Re: [lmi] [lmi-commits] master d9f9099 2/2: Generally force group permissions to match user permissions

[Greg Chicares]

On 10/20/21 2:47 PM, Vadim Zeitlin wrote:
> On Wed, 20 Oct 2021 09:51:54 -0400 (EDT) Greg Chicares 
> <gchicares@sbcglobal.net> wrote:
> 
> GC> commit d9f9099b1ea701c5baa5fbeb21745b854ea3d01a
[...]
> GC> +# User and group permissions should be the same throughout $(prefix).
> GC> +# For each file that doesn't conform to that rule, list its name (to
> GC> +# make any systematic pattern clearer--for example, files generated
> GC> +# by autotools seem to ignore their directories' GIDs), and fix the
> GC> +# problem:
> GC> +find . \
> GC> +  -type f \
> GC> +  \( -perm -u+r ! -perm -g+r \
> GC> +  -o -perm -u+w ! -perm -g+w \
> GC> +  -o -perm -u+x ! -perm -g+x \
> GC> +  \) -print0 | xargs --null --verbose --no-run-if-empty chmod g=u
> 
>  I could be missing something, but the expression above doesn't seem to
> catch all the files for which user and group permissions differ as it
> doesn't cover group-writable but not user-writable files, for example.

Correct. A few lines below, a different command passes the octal
permissions of all files through 'sort -u', which should print a
very short list, where any oddity would be apparent.

My original idea was to use umask and the set-group-id bit so
that the rules above would be respected automatically.
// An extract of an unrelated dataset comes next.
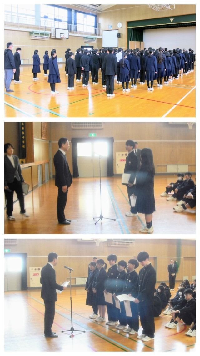 まずは、1年生と2年生の代表生徒に「修了証」をお渡ししました。(他の生徒のみなさんには、この式後の学級活動にて担任の先生から、通知表とともに渡されます)

Later, I
added some lines, like those in the patch above, to force
compliance for files created by autotools; the idea isn't to
impose order globally by force, but to repair known flaws
caused by identified tools.

> Granted, it should be pretty rare to have _more_ permissions available to
> the group than to the user, but I still find it slightly confusing that the
> comment says that they should be the same, but the expression just checks
> for the group permissions including the user ones, so I think it might be
> worth updating the comment.

Agreed. Comment revised.

>  How to check that the user and group permissions are actually equal is an
> interesting exercise. The most straightforward solution I see is to use "ls
> -lR" and filter out the lines matching "^-(...)\1"

Some say that parsing 'ls' output is always suboptimal, at least
for piping into some command as opposed to prettifying output.
I'm striving to use 'find ... xargs' instead, so I prefer your
alternative here:

> or maybe use "find .
> -type f | xargs stat -c '%c %n' | grep -vE '^(.)\1'", not sure if there is
> a better way to do it.

...but that's a bigger hammer than I want to use here. As long
as autotools is the only offender, and the smaller hammer above
fixes the damage it calls, that seems okay.